EXERCISE DIRECTIONS: An exact copy of the listing below is required, minus its pictures.

GIVEN INFORMATION:
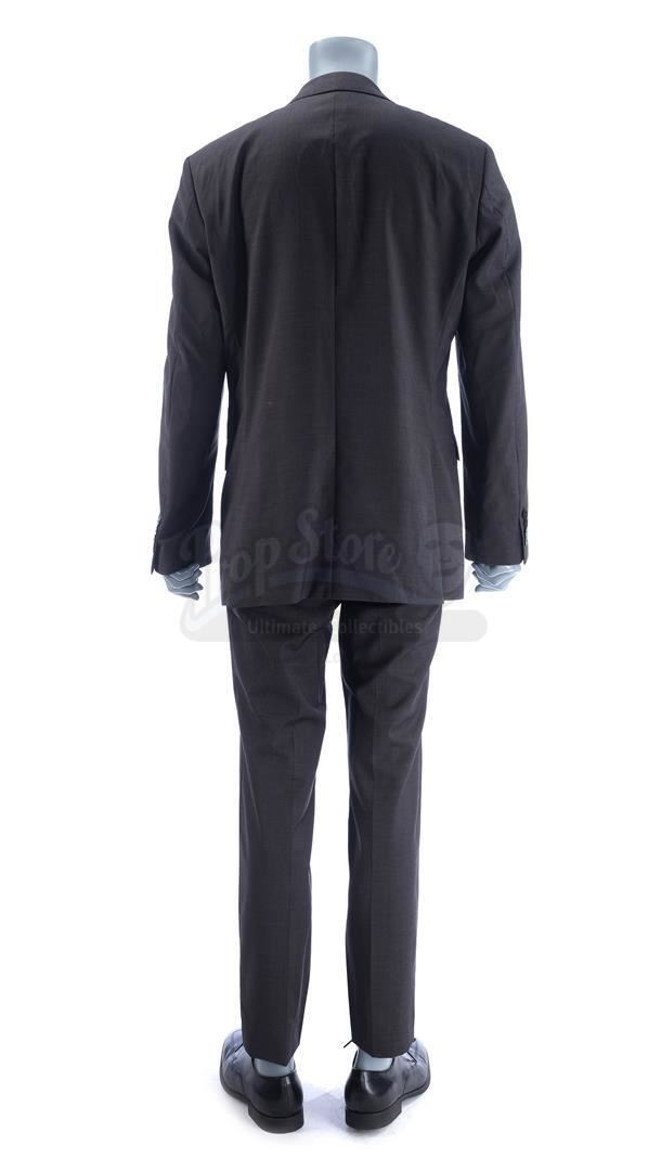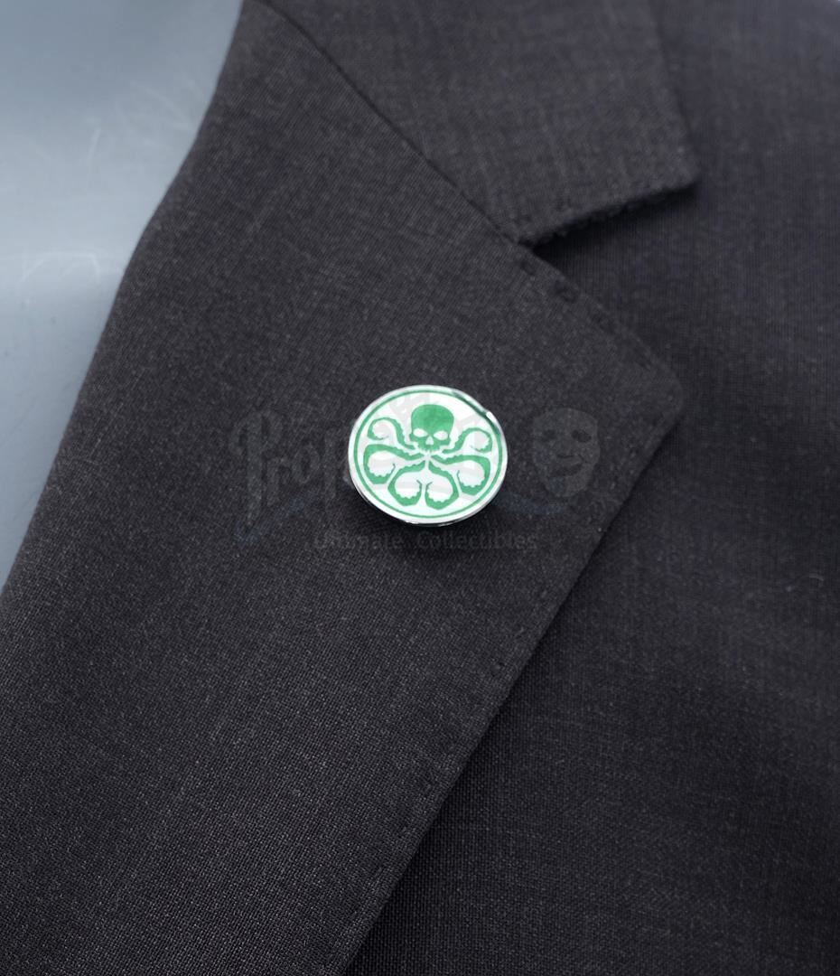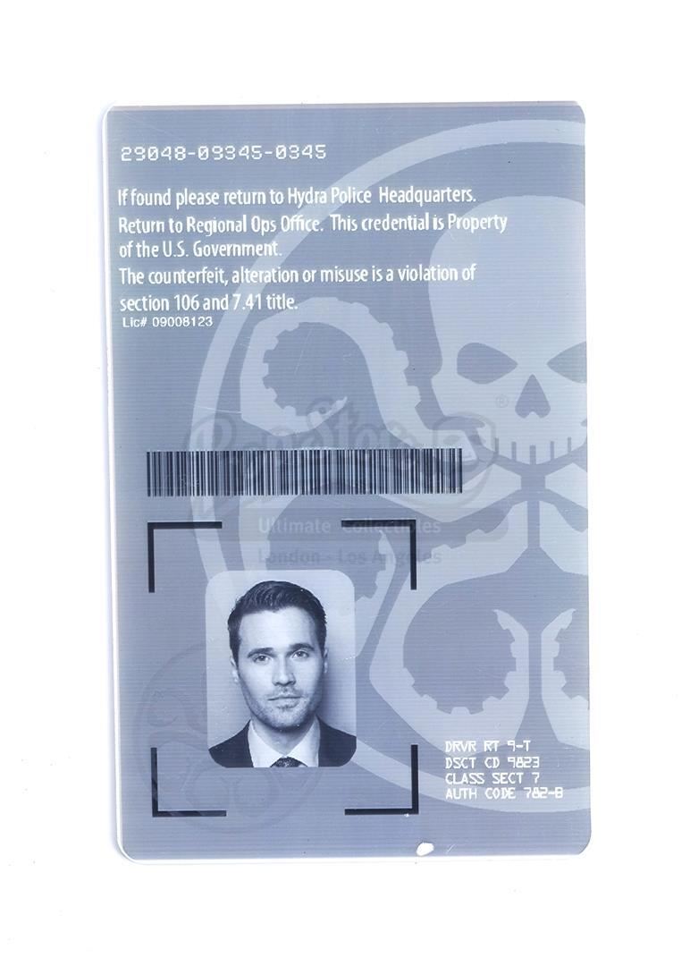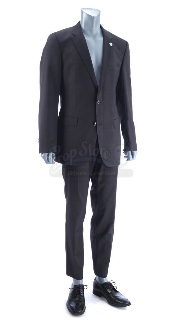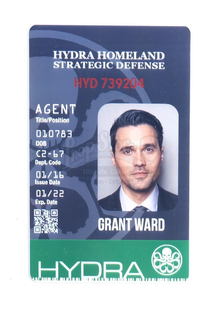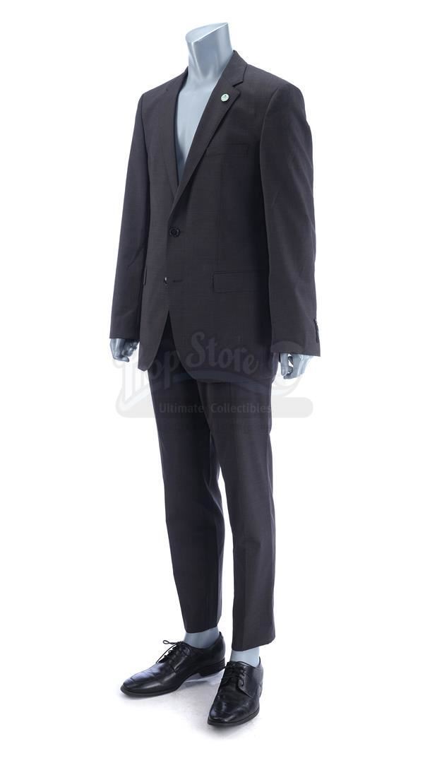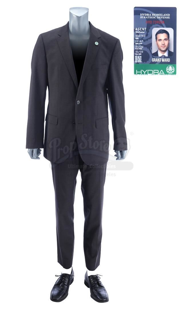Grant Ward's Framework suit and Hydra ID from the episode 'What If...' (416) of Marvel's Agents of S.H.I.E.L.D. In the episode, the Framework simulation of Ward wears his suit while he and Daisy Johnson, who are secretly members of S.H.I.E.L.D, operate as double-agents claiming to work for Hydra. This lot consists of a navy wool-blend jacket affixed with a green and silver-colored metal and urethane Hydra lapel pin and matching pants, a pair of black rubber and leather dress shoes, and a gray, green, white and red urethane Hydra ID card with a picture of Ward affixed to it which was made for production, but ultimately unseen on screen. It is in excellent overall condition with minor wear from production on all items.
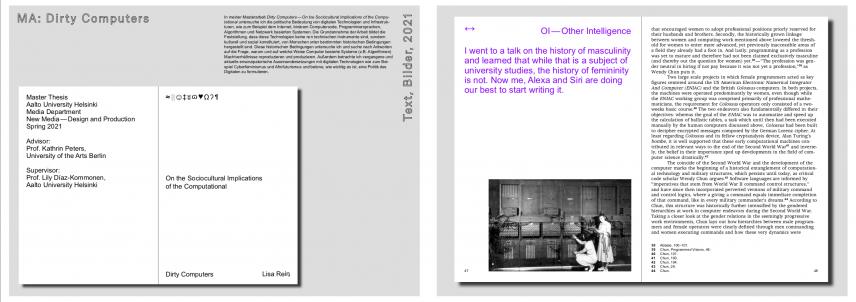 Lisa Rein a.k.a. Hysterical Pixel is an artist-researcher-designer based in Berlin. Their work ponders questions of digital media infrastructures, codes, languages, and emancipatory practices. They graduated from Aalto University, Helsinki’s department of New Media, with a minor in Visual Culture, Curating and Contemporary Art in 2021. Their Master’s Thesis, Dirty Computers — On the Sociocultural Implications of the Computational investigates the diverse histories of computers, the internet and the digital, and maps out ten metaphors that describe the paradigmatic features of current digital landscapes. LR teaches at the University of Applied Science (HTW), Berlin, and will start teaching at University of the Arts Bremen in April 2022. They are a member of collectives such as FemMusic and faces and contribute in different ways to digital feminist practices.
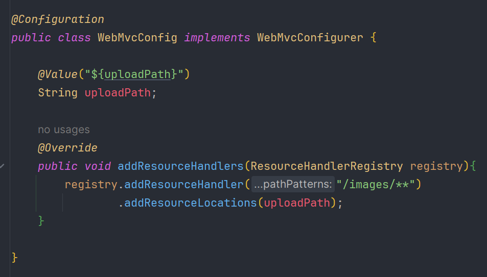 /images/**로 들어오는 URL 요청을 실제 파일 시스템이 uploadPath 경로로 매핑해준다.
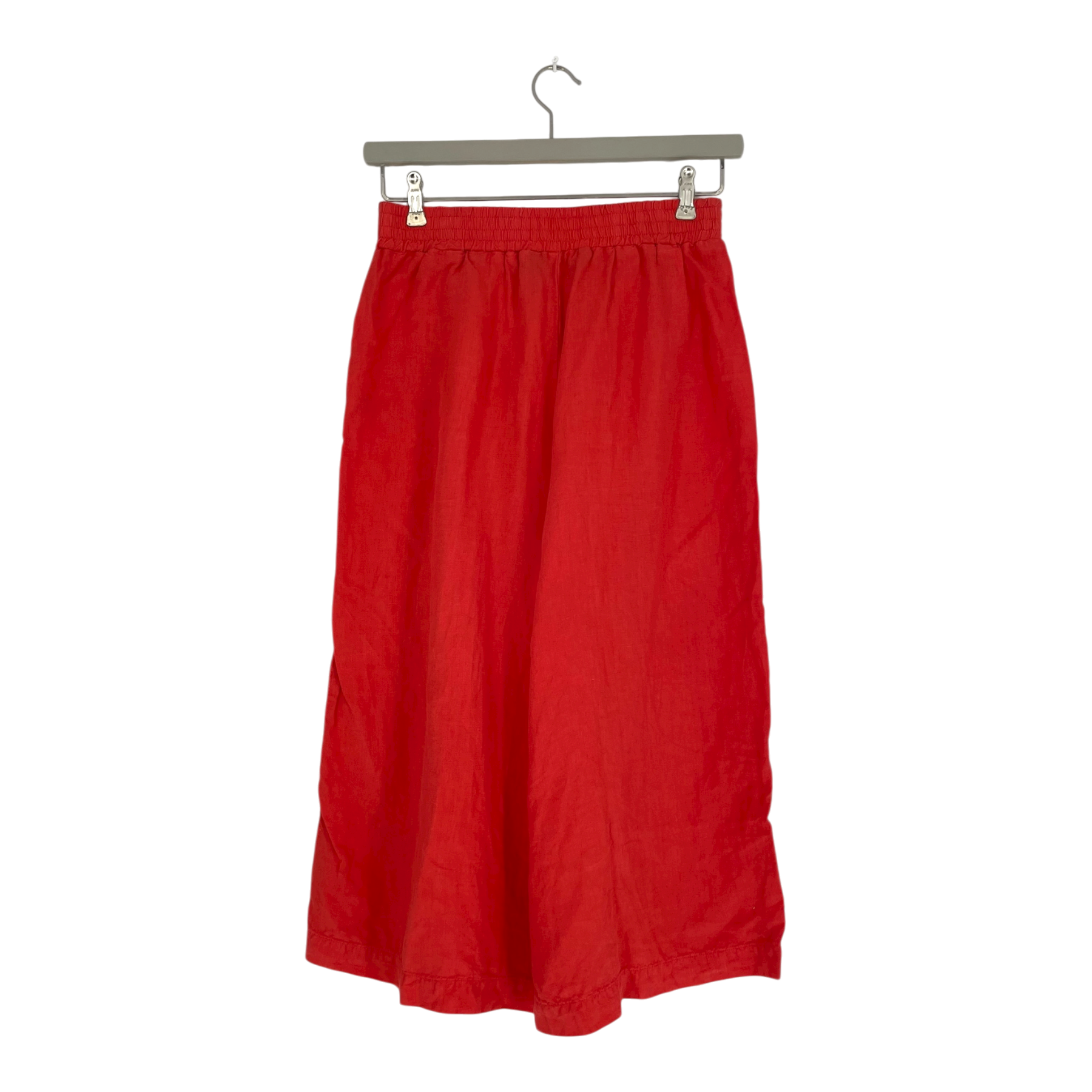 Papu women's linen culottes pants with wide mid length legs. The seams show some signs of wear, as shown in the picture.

RESULT BELOW:
Grant Ward's Framework suit and Hydra ID from the episode 'What If...' (416) of Marvel's Agents of S.H.I.E.L.D. In the episode, the Framework simulation of Ward wears his suit while he and Daisy Johnson, who are secretly members of S.H.I.E.L.D, operate as double-agents claiming to work for Hydra. This lot consists of a navy wool-blend jacket affixed with a green and silver-colored metal and urethane Hydra lapel pin and matching pants, a pair of black rubber and leather dress shoes, and a gray, green, white and red urethane Hydra ID card with a picture of Ward affixed to it which was made for production, but ultimately unseen on screen. It is in excellent overall condition with minor wear from production on all items.
 Lisa Rein a.k.a. Hysterical Pixel is an artist-researcher-designer based in Berlin. Their work ponders questions of digital media infrastructures, codes, languages, and emancipatory practices. They graduated from Aalto University, Helsinki’s department of New Media, with a minor in Visual Culture, Curating and Contemporary Art in 2021. Their Master’s Thesis, Dirty Computers — On the Sociocultural Implications of the Computational investigates the diverse histories of computers, the internet and the digital, and maps out ten metaphors that describe the paradigmatic features of current digital landscapes. LR teaches at the University of Applied Science (HTW), Berlin, and will start teaching at University of the Arts Bremen in April 2022. They are a member of collectives such as FemMusic and faces and contribute in different ways to digital feminist practices.
 /images/**로 들어오는 URL 요청을 실제 파일 시스템이 uploadPath 경로로 매핑해준다.
 Papu women's linen culottes pants with wide mid length legs. The seams show some signs of wear, as shown in the picture.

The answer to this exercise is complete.